*** Opening Task material ***

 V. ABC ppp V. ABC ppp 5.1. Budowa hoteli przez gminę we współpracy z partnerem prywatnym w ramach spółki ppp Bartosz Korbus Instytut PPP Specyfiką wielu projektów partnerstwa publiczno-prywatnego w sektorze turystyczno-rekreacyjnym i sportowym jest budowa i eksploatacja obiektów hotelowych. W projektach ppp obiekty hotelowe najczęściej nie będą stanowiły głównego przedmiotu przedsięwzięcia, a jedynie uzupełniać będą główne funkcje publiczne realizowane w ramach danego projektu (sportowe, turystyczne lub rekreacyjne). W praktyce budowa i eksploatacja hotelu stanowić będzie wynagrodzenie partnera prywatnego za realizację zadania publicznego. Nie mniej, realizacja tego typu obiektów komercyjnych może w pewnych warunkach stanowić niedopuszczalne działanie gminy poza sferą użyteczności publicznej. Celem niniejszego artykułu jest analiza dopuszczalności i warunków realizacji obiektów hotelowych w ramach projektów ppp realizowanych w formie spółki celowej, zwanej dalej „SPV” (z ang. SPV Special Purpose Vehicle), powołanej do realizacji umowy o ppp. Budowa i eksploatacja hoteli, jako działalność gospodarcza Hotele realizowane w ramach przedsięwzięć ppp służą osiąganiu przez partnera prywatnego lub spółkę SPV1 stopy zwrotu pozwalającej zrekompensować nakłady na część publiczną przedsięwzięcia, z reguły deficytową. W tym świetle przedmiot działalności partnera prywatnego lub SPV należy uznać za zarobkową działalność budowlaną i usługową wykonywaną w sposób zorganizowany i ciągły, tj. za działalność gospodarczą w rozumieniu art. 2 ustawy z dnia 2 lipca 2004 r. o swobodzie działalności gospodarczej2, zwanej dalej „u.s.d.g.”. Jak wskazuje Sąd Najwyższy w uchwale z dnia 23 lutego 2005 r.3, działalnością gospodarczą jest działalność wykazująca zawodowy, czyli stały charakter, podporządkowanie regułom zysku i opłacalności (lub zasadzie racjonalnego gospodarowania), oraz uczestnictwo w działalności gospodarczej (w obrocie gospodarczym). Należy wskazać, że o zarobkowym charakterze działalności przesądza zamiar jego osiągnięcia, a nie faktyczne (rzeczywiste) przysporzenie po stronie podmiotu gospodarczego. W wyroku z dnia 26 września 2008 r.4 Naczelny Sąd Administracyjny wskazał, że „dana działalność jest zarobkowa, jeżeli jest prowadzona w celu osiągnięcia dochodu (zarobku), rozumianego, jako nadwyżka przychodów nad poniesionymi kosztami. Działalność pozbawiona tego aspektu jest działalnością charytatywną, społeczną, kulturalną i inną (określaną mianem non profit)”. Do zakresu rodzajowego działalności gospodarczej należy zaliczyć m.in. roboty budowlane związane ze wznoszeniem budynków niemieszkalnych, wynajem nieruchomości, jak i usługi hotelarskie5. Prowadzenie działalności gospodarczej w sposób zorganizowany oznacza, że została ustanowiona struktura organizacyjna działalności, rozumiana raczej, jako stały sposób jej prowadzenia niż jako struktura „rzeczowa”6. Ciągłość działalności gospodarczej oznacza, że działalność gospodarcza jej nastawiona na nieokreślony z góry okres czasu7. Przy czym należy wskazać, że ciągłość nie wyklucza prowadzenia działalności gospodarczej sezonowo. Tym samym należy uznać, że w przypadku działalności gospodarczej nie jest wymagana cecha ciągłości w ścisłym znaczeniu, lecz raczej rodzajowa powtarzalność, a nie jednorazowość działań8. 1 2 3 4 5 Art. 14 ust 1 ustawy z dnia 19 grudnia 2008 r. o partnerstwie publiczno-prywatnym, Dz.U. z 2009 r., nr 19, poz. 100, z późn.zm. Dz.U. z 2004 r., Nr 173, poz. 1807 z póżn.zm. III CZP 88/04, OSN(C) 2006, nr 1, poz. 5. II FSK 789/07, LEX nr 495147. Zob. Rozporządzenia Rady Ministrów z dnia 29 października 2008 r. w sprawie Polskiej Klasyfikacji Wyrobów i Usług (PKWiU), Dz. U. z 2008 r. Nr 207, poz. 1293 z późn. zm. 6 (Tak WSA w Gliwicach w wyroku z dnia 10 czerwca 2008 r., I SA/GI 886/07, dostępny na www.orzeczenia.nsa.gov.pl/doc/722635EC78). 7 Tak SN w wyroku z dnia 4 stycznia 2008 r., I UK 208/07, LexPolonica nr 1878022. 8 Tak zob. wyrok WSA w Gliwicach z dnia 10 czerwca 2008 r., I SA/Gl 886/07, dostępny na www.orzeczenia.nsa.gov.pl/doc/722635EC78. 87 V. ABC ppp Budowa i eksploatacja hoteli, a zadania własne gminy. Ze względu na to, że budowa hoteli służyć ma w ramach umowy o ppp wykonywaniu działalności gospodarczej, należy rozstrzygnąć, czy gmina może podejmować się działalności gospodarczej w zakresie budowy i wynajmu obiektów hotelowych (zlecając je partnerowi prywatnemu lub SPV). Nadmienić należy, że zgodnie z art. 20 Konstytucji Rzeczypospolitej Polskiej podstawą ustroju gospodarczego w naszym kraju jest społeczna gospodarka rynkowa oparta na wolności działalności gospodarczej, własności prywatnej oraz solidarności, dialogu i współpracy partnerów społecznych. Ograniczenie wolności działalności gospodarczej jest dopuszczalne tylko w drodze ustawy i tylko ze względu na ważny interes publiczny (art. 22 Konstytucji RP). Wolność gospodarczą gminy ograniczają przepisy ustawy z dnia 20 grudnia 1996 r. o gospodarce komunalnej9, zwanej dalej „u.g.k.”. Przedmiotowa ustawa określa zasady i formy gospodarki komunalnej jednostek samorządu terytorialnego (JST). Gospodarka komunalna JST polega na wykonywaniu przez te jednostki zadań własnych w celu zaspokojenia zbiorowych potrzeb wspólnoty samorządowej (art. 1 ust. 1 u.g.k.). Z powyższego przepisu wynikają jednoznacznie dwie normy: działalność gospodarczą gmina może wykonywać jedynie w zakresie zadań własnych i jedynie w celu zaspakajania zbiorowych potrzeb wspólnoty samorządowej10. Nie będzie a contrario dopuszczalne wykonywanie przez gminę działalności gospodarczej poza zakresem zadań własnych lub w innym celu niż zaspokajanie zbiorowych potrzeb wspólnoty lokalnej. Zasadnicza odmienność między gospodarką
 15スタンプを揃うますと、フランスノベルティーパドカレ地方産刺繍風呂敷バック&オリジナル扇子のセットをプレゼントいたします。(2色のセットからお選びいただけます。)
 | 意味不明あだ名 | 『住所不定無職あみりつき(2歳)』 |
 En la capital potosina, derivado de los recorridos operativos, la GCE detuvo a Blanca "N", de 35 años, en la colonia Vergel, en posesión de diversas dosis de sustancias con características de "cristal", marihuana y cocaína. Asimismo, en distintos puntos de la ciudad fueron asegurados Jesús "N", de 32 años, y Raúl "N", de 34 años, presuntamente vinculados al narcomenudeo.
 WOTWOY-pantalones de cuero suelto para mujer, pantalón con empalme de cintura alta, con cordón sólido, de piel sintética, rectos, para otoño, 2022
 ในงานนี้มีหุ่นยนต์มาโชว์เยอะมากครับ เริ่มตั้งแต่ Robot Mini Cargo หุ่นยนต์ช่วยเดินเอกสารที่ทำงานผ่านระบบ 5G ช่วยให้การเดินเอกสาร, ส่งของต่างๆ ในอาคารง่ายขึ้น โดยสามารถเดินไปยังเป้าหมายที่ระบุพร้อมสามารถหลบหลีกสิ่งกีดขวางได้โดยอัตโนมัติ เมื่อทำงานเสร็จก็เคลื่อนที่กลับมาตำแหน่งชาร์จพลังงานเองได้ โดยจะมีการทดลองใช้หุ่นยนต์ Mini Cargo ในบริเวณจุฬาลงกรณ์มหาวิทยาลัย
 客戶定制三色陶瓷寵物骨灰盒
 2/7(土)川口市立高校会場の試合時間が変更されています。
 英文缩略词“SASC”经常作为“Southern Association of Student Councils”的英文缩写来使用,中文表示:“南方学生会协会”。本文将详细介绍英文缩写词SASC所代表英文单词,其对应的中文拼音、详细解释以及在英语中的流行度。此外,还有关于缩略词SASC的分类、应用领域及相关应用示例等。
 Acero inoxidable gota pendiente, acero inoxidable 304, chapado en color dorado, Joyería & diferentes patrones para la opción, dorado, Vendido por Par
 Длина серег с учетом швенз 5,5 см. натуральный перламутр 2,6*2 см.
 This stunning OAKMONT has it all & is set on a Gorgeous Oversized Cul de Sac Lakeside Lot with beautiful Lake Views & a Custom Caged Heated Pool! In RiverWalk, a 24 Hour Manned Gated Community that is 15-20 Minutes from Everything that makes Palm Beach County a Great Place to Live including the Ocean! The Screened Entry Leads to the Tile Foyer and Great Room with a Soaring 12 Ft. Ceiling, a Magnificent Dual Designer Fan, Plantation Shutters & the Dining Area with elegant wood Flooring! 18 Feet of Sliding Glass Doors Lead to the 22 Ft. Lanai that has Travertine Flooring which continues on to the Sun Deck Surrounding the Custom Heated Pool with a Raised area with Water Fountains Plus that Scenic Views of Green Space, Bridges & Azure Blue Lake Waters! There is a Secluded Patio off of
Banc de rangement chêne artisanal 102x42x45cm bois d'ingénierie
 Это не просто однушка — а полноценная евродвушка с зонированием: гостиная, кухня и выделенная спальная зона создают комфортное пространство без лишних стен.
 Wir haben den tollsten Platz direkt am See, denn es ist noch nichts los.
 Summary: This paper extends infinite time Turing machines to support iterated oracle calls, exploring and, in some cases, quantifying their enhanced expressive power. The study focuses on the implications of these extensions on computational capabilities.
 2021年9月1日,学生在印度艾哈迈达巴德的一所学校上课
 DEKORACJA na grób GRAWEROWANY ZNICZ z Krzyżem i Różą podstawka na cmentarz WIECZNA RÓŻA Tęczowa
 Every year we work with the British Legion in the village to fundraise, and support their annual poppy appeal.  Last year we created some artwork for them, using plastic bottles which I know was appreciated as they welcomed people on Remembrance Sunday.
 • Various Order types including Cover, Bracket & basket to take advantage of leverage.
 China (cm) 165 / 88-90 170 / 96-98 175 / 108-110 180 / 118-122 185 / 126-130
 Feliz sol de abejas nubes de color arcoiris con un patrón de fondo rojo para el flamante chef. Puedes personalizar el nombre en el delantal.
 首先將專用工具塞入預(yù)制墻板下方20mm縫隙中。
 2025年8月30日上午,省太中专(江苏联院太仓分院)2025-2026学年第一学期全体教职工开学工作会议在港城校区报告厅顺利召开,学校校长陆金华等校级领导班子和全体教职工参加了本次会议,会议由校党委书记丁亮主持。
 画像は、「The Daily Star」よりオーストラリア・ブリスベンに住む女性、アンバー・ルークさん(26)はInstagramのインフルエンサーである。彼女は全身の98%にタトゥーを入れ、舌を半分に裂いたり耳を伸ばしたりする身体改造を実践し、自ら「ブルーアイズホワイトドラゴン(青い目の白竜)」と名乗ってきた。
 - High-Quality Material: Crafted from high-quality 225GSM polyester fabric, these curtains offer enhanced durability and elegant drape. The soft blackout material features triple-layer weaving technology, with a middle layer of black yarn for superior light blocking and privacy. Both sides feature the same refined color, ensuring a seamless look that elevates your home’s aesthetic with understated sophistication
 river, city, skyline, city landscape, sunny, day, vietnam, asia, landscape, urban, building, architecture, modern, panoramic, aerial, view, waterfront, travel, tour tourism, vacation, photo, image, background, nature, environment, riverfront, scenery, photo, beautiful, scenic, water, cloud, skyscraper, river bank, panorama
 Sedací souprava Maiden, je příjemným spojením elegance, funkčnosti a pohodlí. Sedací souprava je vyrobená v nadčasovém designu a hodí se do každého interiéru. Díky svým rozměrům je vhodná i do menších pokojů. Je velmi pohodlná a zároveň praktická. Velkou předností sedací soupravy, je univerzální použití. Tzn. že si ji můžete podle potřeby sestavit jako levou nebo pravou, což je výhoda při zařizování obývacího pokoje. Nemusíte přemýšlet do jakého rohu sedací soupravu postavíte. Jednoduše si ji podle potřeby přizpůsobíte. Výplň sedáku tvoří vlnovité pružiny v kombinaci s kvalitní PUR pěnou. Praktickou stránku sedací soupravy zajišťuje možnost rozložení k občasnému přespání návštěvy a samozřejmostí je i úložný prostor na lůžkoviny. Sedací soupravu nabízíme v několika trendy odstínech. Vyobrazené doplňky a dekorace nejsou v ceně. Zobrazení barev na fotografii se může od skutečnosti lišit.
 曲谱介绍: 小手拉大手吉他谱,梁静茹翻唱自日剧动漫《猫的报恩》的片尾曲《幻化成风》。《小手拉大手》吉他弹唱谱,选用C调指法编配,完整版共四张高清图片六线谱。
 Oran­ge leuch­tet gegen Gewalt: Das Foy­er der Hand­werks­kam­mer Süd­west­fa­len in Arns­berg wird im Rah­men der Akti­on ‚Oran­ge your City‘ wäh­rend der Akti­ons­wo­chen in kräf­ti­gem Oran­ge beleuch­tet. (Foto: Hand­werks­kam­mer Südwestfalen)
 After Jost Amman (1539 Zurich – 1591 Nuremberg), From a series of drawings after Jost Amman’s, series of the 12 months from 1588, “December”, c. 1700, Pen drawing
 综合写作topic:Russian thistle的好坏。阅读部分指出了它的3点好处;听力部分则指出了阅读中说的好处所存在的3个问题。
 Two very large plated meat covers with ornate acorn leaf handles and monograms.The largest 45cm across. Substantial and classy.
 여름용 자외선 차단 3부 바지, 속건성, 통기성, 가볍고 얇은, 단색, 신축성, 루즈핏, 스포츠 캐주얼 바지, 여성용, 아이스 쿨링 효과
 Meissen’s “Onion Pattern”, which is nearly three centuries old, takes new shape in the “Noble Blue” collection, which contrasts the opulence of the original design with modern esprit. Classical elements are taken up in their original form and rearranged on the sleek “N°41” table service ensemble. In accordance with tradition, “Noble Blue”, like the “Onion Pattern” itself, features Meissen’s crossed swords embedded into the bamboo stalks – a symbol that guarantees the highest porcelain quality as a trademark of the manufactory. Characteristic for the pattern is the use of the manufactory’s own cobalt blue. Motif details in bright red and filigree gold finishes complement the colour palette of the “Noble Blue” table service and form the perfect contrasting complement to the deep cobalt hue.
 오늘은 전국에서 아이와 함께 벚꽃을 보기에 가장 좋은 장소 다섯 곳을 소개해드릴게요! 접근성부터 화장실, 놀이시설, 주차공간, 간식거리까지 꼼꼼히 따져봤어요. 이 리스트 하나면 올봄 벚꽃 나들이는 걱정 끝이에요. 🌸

*** Closing Task material ***

(Exercise directions) Going through the entries, return every line holding the word "some".

(Solved problem)
 Summary: This paper extends infinite time Turing machines to support iterated oracle calls, exploring and, in some cases, quantifying their enhanced expressive power. The study focuses on the implications of these extensions on computational capabilities.
 Every year we work with the British Legion in the village to fundraise, and support their annual poppy appeal.  Last year we created some artwork for them, using plastic bottles which I know was appreciated as they welcomed people on Remembrance Sunday.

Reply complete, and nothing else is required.